A former ticket agent for an aviation service company in Maine can go ahead with her discrimination claim that she was fired allegedly because of the company’s stereotyped belief she would stand by her man and quit when it fired her partner, the ramp supervisor (Romero v. Flight Services & Systems, Inc.).
Two months earlier, the ticket agent had resigned alongside the ramp supervisor, although both were rehired the following month, according to court documents. A short time later, the ramp supervisor and the manager allegedly got into a heated discussion over a possible safety issue, and the manager terminated the couple in a joint text, court records said.
In documents submitted to the Maine Civil Rights Commission, the senior safety director explained that because of the ticket agent’s “unpredictable track record” — due to her recently leaving the job after her boyfriend resigned — there was “a likelihood that she would once again abandon her employment,” the lawsuit alleged.
One could infer from the allegations that the company believed she previously quit because her boyfriend quit and that because it was firing him, she “would automatically leave rather than independently assess the situation and do what was best for her own career,” the court explained, refusing to dismiss the claim.
The court held that the couple plausibly alleged a sex discrimination claim under Title VII of the Civil Rights Act of 1964. “I have no trouble concluding that a stand-by-your-man sex-based stereotype exists and that [the plaintiff] has plausibly alleged that FSS applied that stereotype to her when it terminated her employment along with [her partner’s],” U.S. District Judge Nancy Torresen wrote.
Employment anti-discrimination laws — including Title VII, as alleged here — require that when making employment decisions, managers evaluate an employee as an individual, the U.S. Equal Employment Opportunity Commission points out in a guidance.
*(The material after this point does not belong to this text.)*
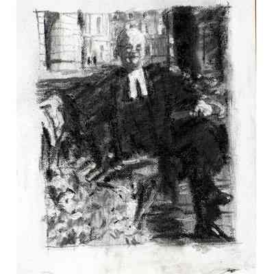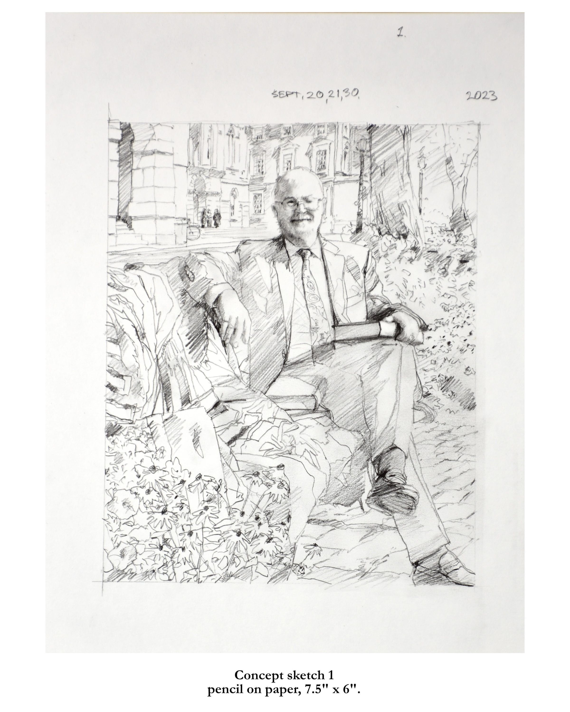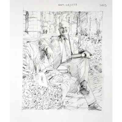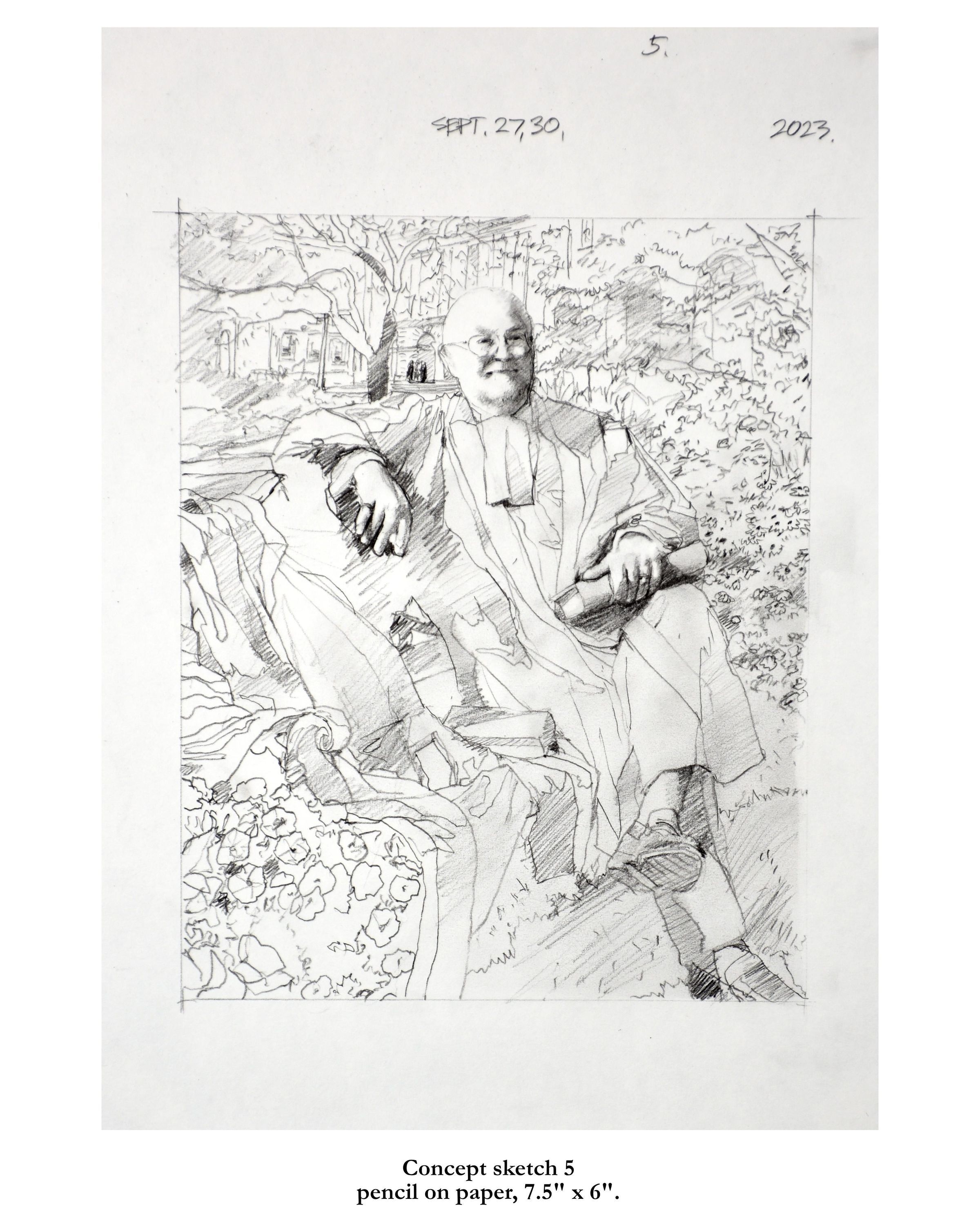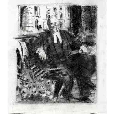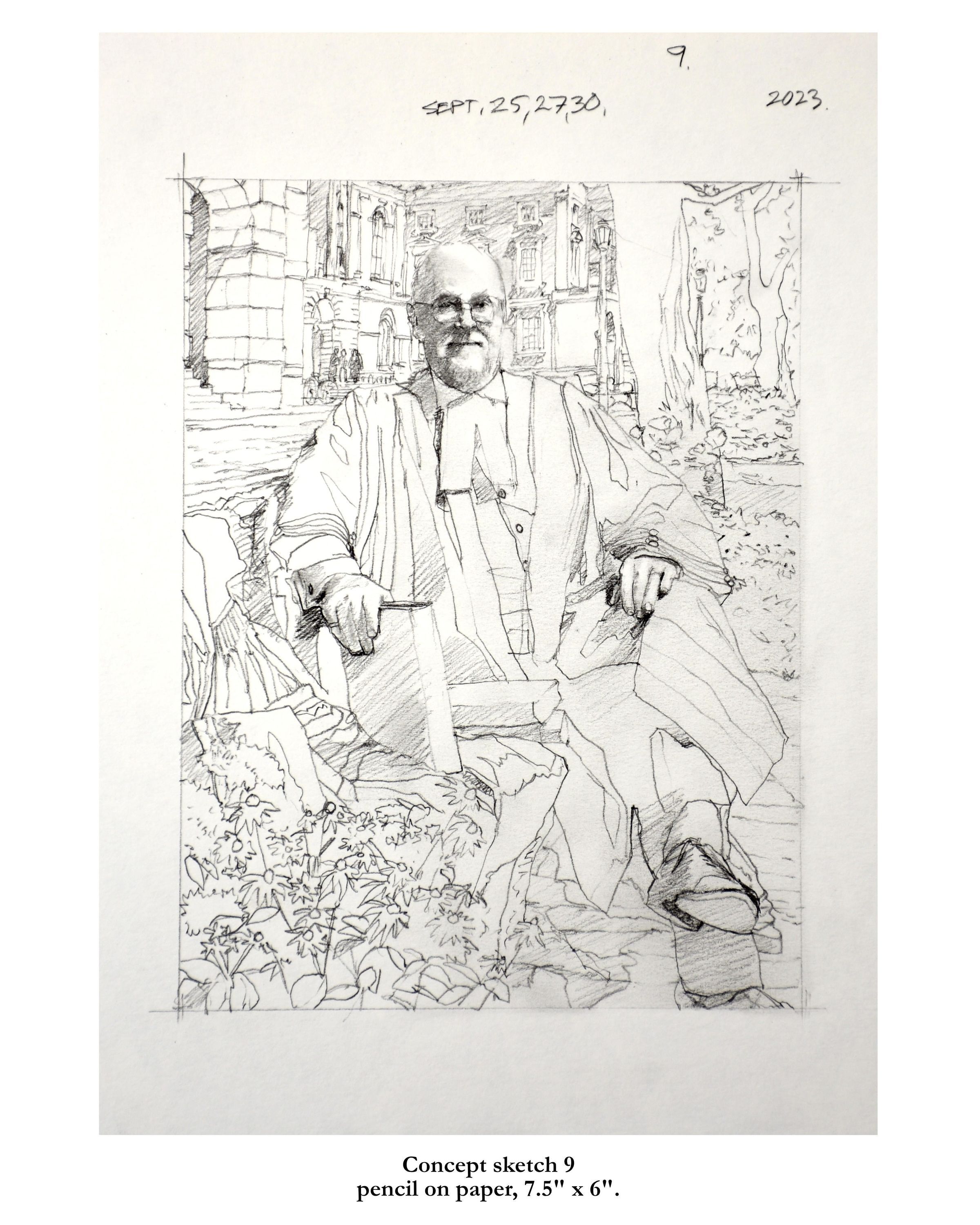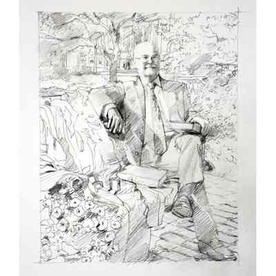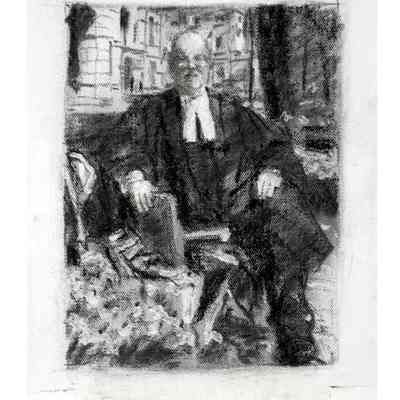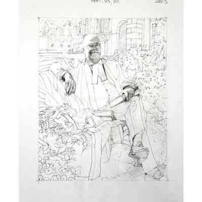 Portrait of former treasurer Malcolm Mercer sitting on a bench in front of Osgoode Hall. The three people in the background are his two daughters and his wife. The bicycle is his. The books were chosen by Mercer. The gown is the treasurer's gown.Type of Painting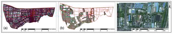 Table 2 shows the results of the proposed method compared with the other two methods. The manually corrected OSM road network in 2021 is considered the reference base. The proposed method obtained a precision of 85.31%, higher than 73.19% by Deng’s method and 76.07% by Wu’s method. The recall and F-score were 80.80% and 82.99%, respectively, which is higher than the other two methods. The results prove that the proposed composite update strategy can be very effective in updating new road segments and can accurately and comprehensively update new road segments.

Managers act counter to this obligation and unlawfully discriminate against an employee when they make decisions based on gender stereotypes, according to the guidance.
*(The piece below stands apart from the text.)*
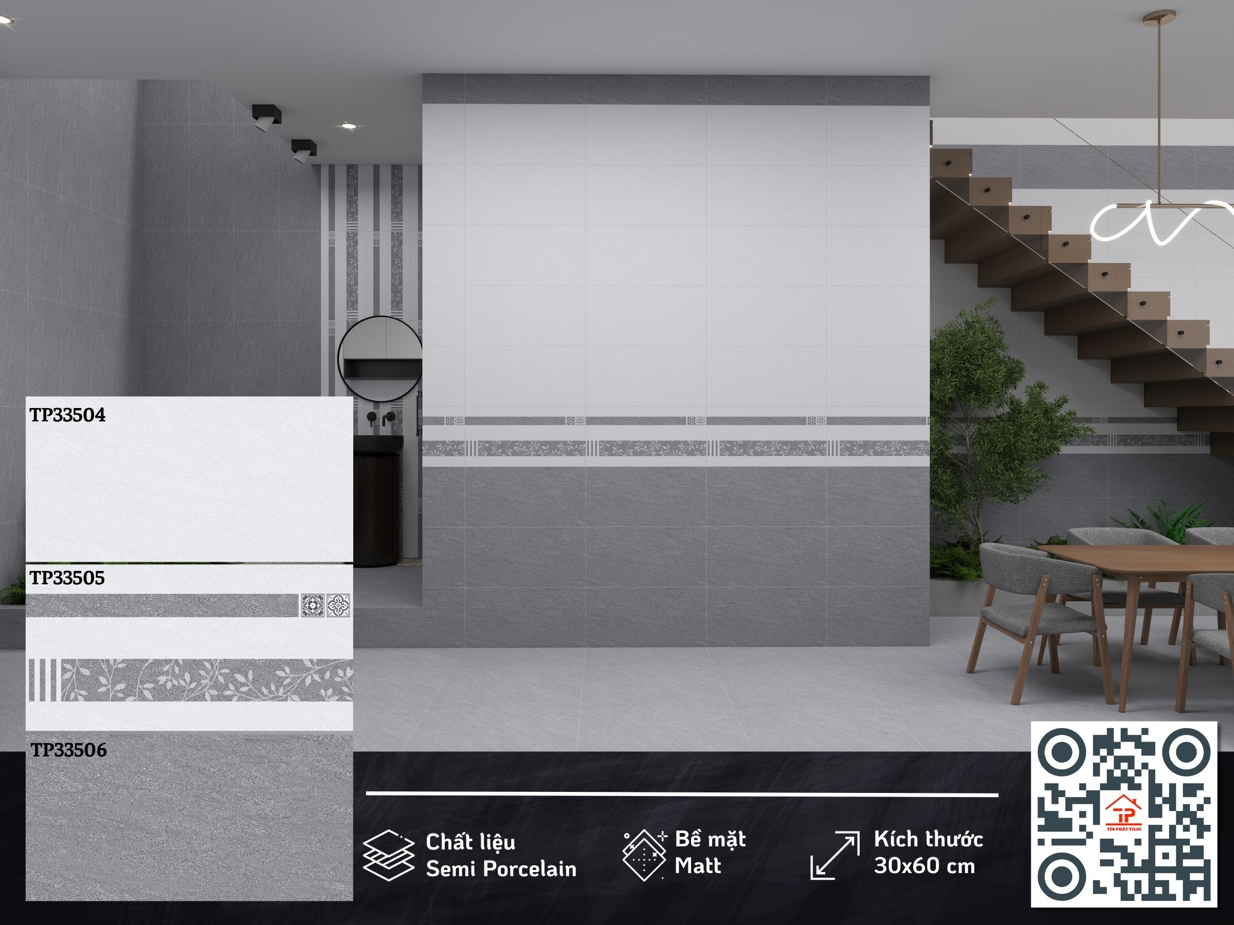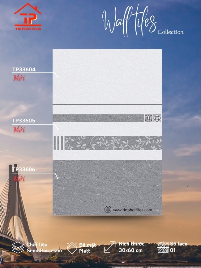 Không cần ánh bóng để gây chú ý, bộ sưu tập gạch ốp tường 30x60cm chinh phục không gian bằng vẻ đẹp trầm tĩnh và đầy chiều sâu. Bề mặt mờ mịn (matt) mang lại cảm giác dịu mắt, hạn chế phản xạ ánh sáng, giúp tổng thể trở nên hài hòa và dễ chịu hơn. Kết hợp cùng xương bán sứ (semi porcelain) cứng cáp, từng viên gạch như một lớp nền vững chắc, nâng đỡ phong cách sống hiện đại theo cách nhẹ nhàng mà tinh tế.
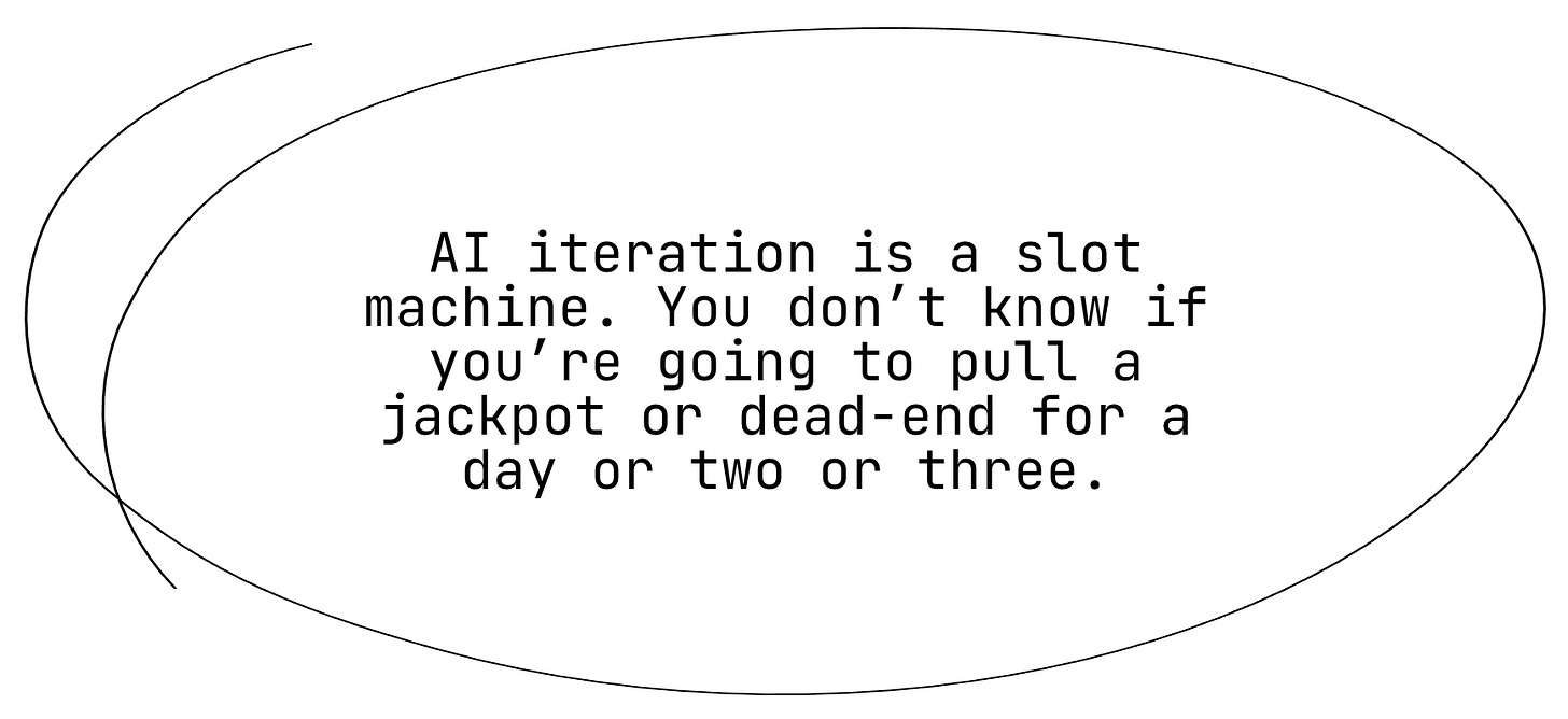 El problema es que no se puede planificar la iteración de la IA. Es una máquina tragamonedas. No sabes si vas a sacar un premio gordo o ver con horror cómo terminas en un callejón sin salida durante un día o dos o tres en el mismo bucle roto.

The principle applies even when employers make assumptions that are well-intended or perceived to be in the employee’s best interest, the EEOC has said. For instance, managers would still be acting contrary to the statutes if they made an employment decision based on an assumption that a working mother would not want to relocate to another city, even if that meant a promotion, according to the EEOC.
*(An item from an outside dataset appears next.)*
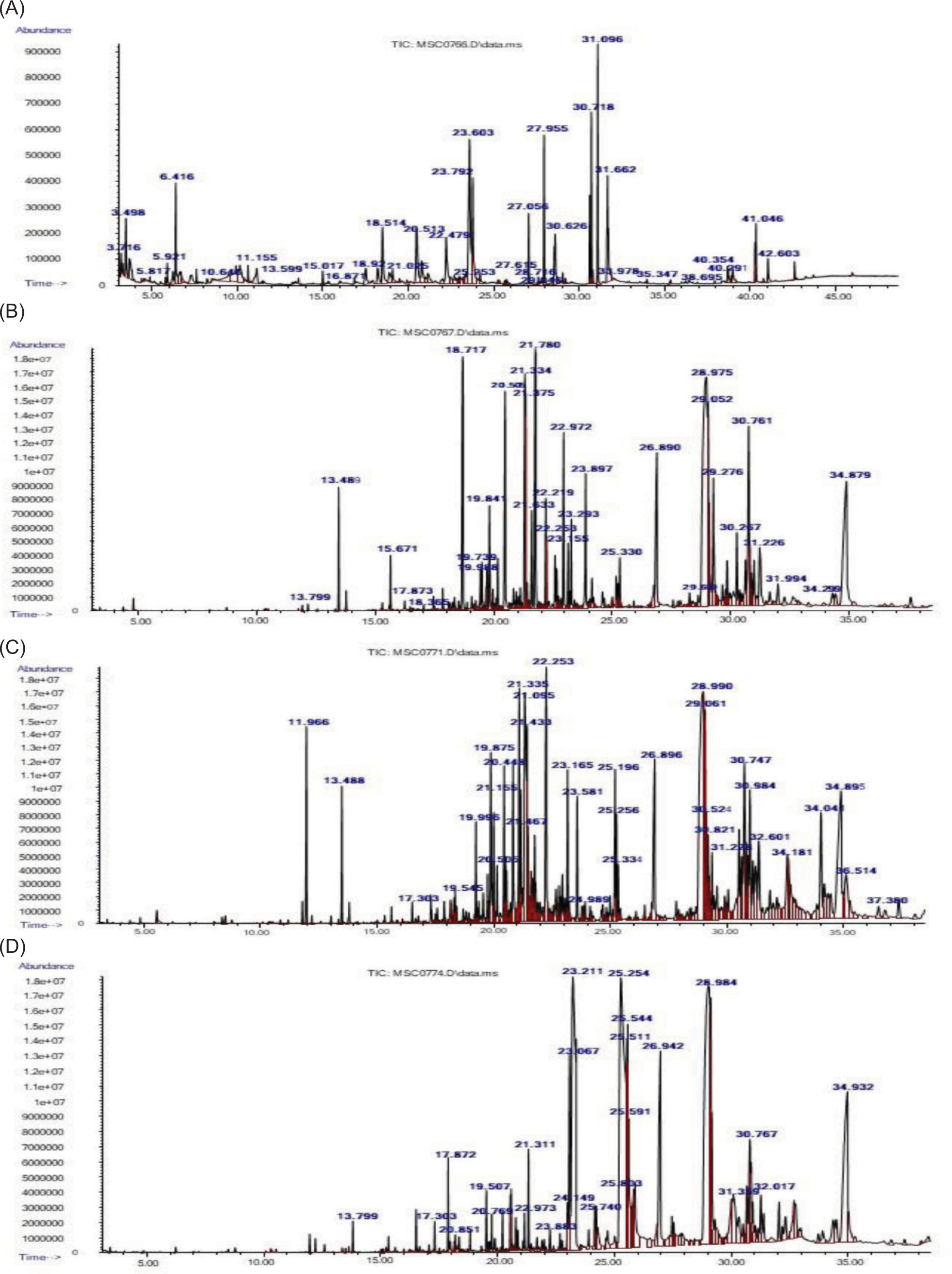 Figure S1. GC-MS chromatograms of (A) undigested olive pomace and pomace chymes from the (B) mouth, (C) gastric, and (D) intestinal phases.

The agency recently pursued enforcement efforts against Walmart for allegedly acting on a similar stereotype. In January, the retail giant agreed to pay $60,000 to settle an EEOC lawsuit alleging it refused to promote a female employee because of stereotyped beliefs about working women with young families.
The court acknowledged the case could be complicated by the history, pointing out that according to FSS, after the ramp supervisor quit, the ticket agent didn’t show up for her next scheduled shift and that when the manager called to find out about her absence, she laughed and said she had already turned in her badge and was quitting.
Because the ticket agent left her job the same time the ramp supervisor quit, there “is some evidence FSS was not stereotyping a female employee, but rather basing an employment decision on [her] previous action,” the court said.
But on a motion to dismiss, the court had to make all inferences in the plaintiffs’ favor, it explained. Under this standard, the couple adequately alleged a discrimination claim based on a female stereotype, the court held.